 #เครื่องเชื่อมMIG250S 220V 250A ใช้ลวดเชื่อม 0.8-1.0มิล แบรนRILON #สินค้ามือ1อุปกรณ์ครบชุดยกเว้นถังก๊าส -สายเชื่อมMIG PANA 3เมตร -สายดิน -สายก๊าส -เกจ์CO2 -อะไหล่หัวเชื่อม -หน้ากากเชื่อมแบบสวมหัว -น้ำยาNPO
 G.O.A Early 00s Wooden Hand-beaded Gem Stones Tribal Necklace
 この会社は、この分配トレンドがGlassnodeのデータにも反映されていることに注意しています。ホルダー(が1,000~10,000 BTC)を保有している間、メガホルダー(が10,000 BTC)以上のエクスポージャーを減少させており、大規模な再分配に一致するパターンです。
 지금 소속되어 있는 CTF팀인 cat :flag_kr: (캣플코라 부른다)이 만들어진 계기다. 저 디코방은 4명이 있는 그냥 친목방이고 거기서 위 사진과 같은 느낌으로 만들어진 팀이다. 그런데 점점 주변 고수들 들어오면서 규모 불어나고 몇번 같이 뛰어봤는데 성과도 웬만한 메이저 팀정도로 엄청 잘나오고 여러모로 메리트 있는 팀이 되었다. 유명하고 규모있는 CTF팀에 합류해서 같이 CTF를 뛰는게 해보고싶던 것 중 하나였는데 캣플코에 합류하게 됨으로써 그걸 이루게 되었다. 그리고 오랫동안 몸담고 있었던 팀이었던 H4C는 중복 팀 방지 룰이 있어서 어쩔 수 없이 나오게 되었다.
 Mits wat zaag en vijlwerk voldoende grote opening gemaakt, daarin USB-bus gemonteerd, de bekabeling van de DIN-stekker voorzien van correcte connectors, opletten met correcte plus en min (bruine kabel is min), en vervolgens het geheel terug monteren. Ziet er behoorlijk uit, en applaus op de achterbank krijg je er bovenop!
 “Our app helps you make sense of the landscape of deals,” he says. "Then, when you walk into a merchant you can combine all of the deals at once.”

------------

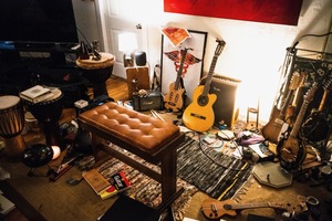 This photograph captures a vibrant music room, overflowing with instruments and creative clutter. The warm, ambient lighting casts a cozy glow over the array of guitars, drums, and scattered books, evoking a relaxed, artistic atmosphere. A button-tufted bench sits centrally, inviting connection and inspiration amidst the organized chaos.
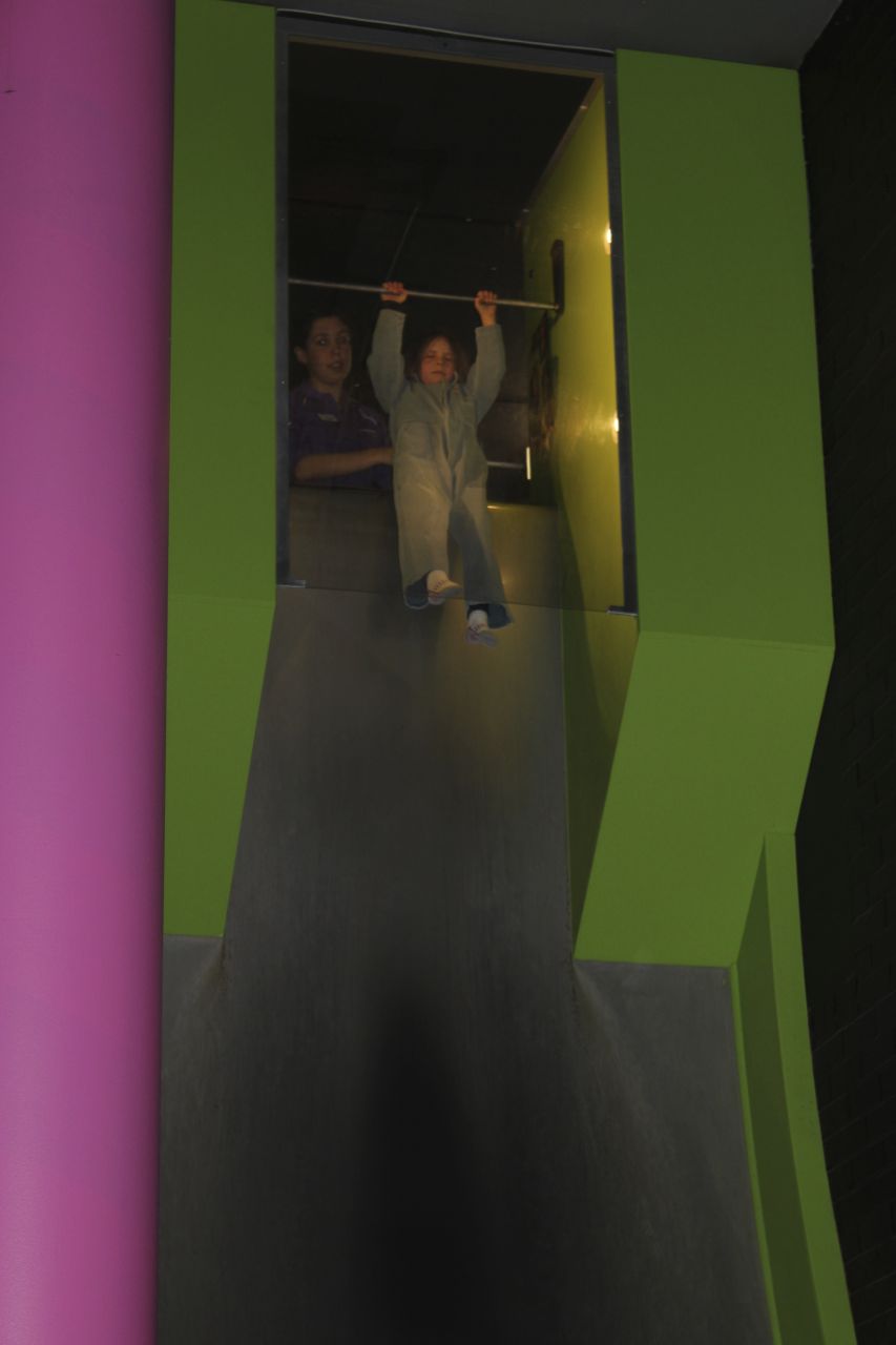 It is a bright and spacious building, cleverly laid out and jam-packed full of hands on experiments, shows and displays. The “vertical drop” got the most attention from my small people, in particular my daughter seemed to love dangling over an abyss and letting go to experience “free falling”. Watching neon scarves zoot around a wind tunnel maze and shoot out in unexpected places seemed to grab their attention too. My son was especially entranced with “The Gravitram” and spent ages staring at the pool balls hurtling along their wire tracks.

------------

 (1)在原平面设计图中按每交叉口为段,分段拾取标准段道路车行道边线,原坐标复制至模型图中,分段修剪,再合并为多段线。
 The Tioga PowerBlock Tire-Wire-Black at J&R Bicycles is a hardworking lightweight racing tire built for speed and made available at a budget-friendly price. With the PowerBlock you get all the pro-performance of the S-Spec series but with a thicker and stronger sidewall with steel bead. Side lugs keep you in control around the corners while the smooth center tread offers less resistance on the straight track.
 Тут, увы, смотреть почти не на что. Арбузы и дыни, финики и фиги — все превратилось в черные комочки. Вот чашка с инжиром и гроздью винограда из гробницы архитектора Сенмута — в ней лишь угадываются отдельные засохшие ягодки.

------------

**Problem details**
Take the stretch of lines above from the one containing "Mits wat zaag" through the one containing "app helps you" and repeat it exactly, adding no other line.

**Expected output**
 Mits wat zaag en vijlwerk voldoende grote opening gemaakt, daarin USB-bus gemonteerd, de bekabeling van de DIN-stekker voorzien van correcte connectors, opletten met correcte plus en min (bruine kabel is min), en vervolgens het geheel terug monteren. Ziet er behoorlijk uit, en applaus op de achterbank krijg je er bovenop!
 “Our app helps you make sense of the landscape of deals,” he says. "Then, when you walk into a merchant you can combine all of the deals at once.”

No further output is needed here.